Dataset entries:
.....

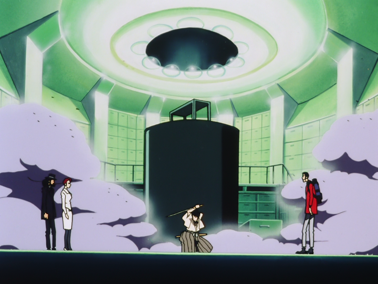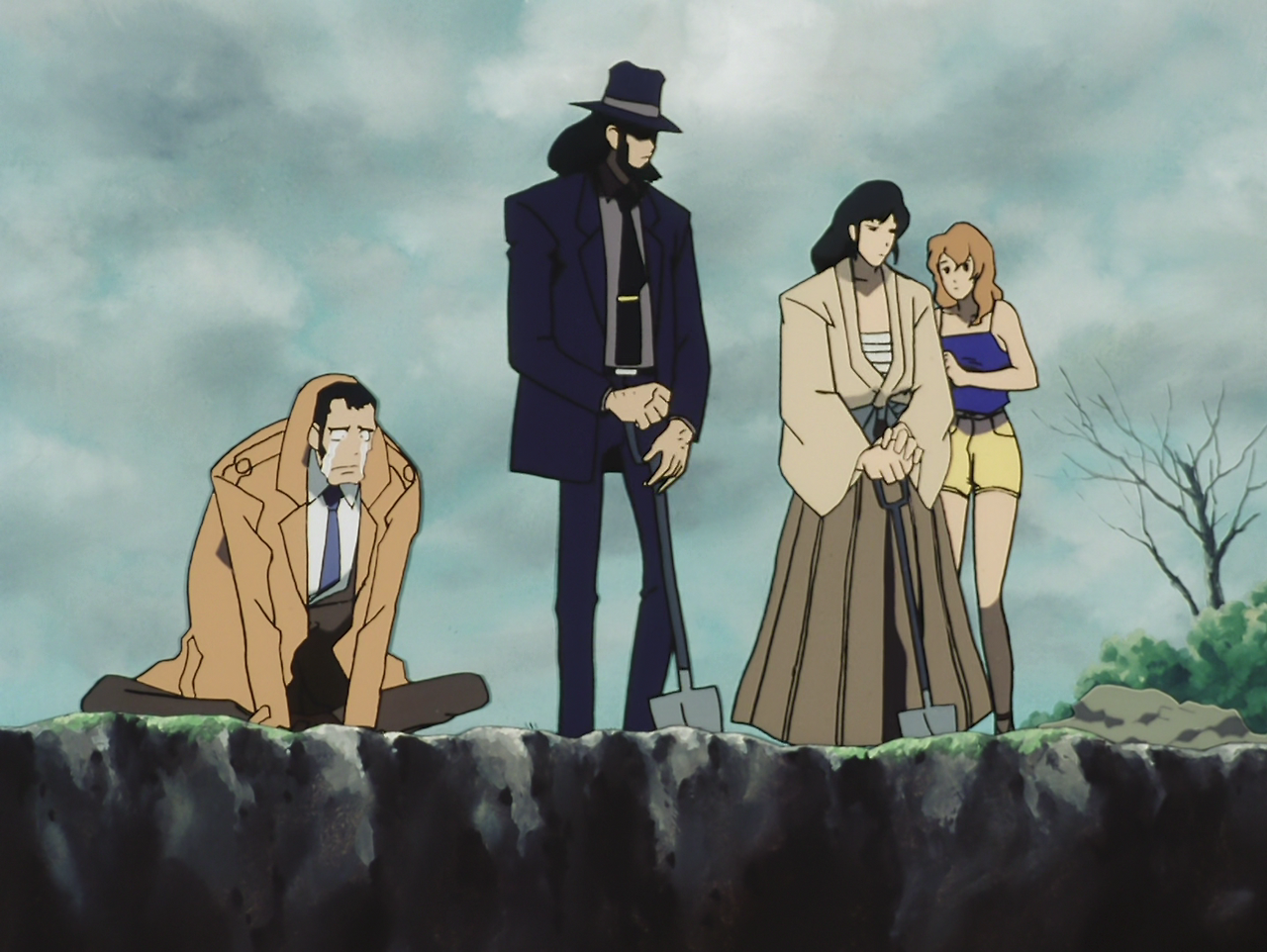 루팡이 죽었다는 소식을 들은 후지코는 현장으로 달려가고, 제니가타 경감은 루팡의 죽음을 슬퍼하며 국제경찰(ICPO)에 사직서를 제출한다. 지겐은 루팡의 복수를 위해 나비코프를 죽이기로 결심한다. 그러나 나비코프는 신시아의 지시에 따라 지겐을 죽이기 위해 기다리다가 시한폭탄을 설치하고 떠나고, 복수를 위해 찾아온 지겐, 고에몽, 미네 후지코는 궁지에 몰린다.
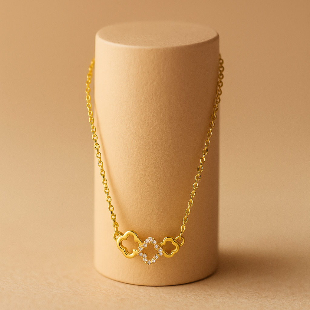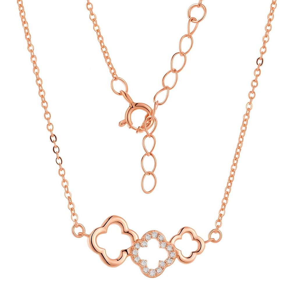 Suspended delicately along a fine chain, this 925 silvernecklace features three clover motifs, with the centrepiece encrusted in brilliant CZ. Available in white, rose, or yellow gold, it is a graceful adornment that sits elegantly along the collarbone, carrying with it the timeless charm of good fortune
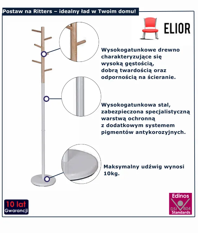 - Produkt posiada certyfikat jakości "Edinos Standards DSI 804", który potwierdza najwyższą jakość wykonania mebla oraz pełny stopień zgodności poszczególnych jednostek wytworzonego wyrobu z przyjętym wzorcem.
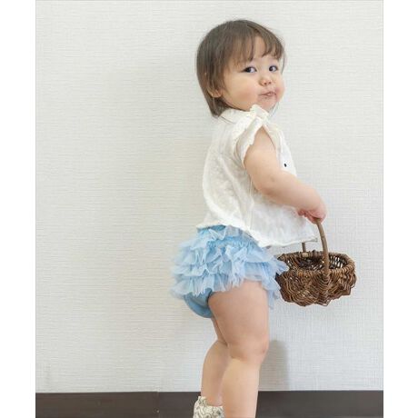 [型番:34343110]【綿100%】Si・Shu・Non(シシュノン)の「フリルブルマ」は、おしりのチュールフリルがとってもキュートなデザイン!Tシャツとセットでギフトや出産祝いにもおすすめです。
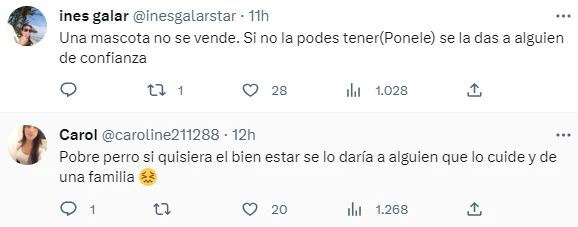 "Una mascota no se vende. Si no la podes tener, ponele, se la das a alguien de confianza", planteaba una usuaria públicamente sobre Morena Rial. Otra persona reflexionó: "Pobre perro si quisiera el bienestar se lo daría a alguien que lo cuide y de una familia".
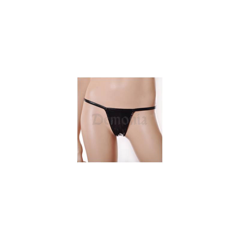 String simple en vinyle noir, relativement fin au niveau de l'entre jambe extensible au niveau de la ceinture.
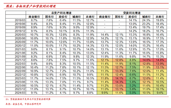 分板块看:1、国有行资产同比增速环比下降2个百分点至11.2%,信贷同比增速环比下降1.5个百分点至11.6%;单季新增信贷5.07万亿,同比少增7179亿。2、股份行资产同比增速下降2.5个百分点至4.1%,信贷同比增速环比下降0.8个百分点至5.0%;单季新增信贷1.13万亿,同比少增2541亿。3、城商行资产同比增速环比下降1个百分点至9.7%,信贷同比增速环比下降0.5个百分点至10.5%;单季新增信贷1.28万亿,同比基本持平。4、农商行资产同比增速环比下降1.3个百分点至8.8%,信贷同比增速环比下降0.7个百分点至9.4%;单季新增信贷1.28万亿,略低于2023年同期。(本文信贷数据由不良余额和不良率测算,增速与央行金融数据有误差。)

.....

→ Activity
Word-for-word repeat, images excluded: return all the data.

→ Completed exercise
 루팡이 죽었다는 소식을 들은 후지코는 현장으로 달려가고, 제니가타 경감은 루팡의 죽음을 슬퍼하며 국제경찰(ICPO)에 사직서를 제출한다. 지겐은 루팡의 복수를 위해 나비코프를 죽이기로 결심한다. 그러나 나비코프는 신시아의 지시에 따라 지겐을 죽이기 위해 기다리다가 시한폭탄을 설치하고 떠나고, 복수를 위해 찾아온 지겐, 고에몽, 미네 후지코는 궁지에 몰린다.
 Suspended delicately along a fine chain, this 925 silvernecklace features three clover motifs, with the centrepiece encrusted in brilliant CZ. Available in white, rose, or yellow gold, it is a graceful adornment that sits elegantly along the collarbone, carrying with it the timeless charm of good fortune
 - Produkt posiada certyfikat jakości "Edinos Standards DSI 804", który potwierdza najwyższą jakość wykonania mebla oraz pełny stopień zgodności poszczególnych jednostek wytworzonego wyrobu z przyjętym wzorcem.
 [型番:34343110]【綿100%】Si・Shu・Non(シシュノン)の「フリルブルマ」は、おしりのチュールフリルがとってもキュートなデザイン!Tシャツとセットでギフトや出産祝いにもおすすめです。
 "Una mascota no se vende. Si no la podes tener, ponele, se la das a alguien de confianza", planteaba una usuaria públicamente sobre Morena Rial. Otra persona reflexionó: "Pobre perro si quisiera el bienestar se lo daría a alguien que lo cuide y de una familia".
 String simple en vinyle noir, relativement fin au niveau de l'entre jambe extensible au niveau de la ceinture.
 分板块看:1、国有行资产同比增速环比下降2个百分点至11.2%,信贷同比增速环比下降1.5个百分点至11.6%;单季新增信贷5.07万亿,同比少增7179亿。2、股份行资产同比增速下降2.5个百分点至4.1%,信贷同比增速环比下降0.8个百分点至5.0%;单季新增信贷1.13万亿,同比少增2541亿。3、城商行资产同比增速环比下降1个百分点至9.7%,信贷同比增速环比下降0.5个百分点至10.5%;单季新增信贷1.28万亿,同比基本持平。4、农商行资产同比增速环比下降1.3个百分点至8.8%,信贷同比增速环比下降0.7个百分点至9.4%;单季新增信贷1.28万亿,略低于2023年同期。(本文信贷数据由不良余额和不良率测算,增速与央行金融数据有误差。)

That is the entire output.